If the user elects to tunnel their VNC data through SSL, then all of the connection and port-forwarding logic is handled in our code instead of relying on external executables. To do this, we rely on the .NET built-in class, SslStream. As an aside, this is exactly why I love .NET 2.0: we, the developers, bitched about the lack of a generic SSL class (that wasn't for HTTP), and so what did Microsoft do? They gave us one in .NET 2.0. My hat really goes off to them for stuff like this: they listened to the community, and gave us a ton of new, useful built-in classes in this version of the framework.

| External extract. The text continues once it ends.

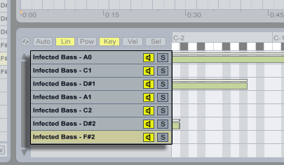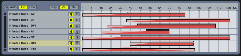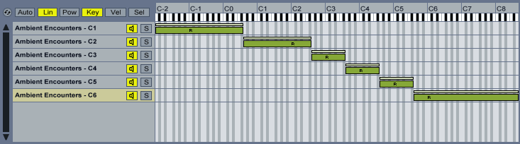 Зоны также могут иметь затухания в течении нескольких полутонов на обоих своих концах, для этого потяните верхнюю праву или левую границу зоны. Это позволяет легко создавать плавные кроссфейды между соседними сэмплами, по мере прохождения по клавиатуре. Переключатель Lin/Pow над списком слоёв указывает, каким будет затухание – линейным или экспоненциальным.
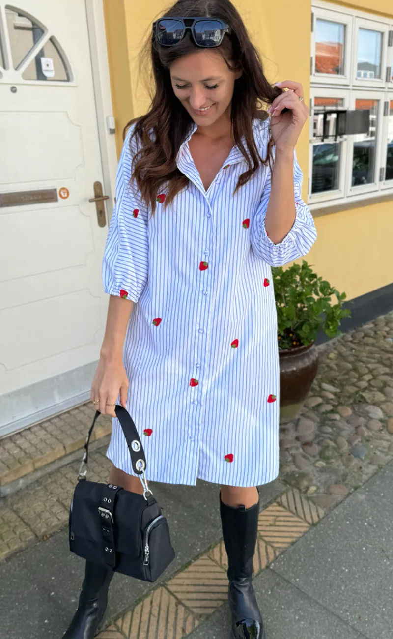 Den yndigste kjole fra INA Copenhagen i et blå og hvid stribet print, med små broderede jordbår.

But getting back to the application, the code that establishes the SSL tunnel is as follows:

// Set up the SSL tunnel

else if (sslRadioButton.Checked)
{
  // Set up a connection to the remote SSL server and set up a local listener 
  // whose job it is to forward data it receives to the SSL connection and 
  // vice versa

  encryptedClient = new TcpClient(remoteHost, remotePort);
  encryptedStream = 
     new SslStream(encryptedClient.GetStream(), false, 
        new RemoteCertificateValidationCallback(ValidateServerCertificate), 
        new LocalCertificateSelectionCallback(SelectClientCertificate));
  unencryptedListener = new TcpListener(IPAddress.Loopback, 0);

  X509CertificateCollection clientCertificates = 
     new X509CertificateCollection();

  // Add a client certificate to the authentication request
  // if the user has specified one

  if (parameters.ContainsKey("clientCertificateFingerprint"))
    clientCertificates.Add(
       GetCertificate(parameters["clientCertificateFingerprint"]));

  // Try to establish a connection to the remote SSL server

  try
  {
    encryptedStream.AuthenticateAsClient(remoteHost, clientCertificates, 
                                         SslProtocols.Ssl3, true);

    unencryptedListener.Start();
    unencryptedListener.BeginAcceptTcpClient(
       new AsyncCallback(TunnelSSLData), this);

    connectionPort = ((IPEndPoint)unencryptedListener.LocalEndpoint).Port;
    connectionHost = "localhost";
    connected = true;
  }

  // Catch and display IOExceptions that occur, such as not being able to 
  // connect to the remote system

  catch (IOException exception)
  {
    errorMessage = (exception.InnerException != null ? 
                    exception.InnerException.Message : exception.Message);
  }

  // Catch an AuthenticationException if it's thrown; if its message 
  // indicates that the remote certificate didn't pass muster, then don't 
  // display anything else since we already displayed the certificate's 
  // details and asked the user if they wanted to trust it (any other 
  // messages are fair game and should be displayed)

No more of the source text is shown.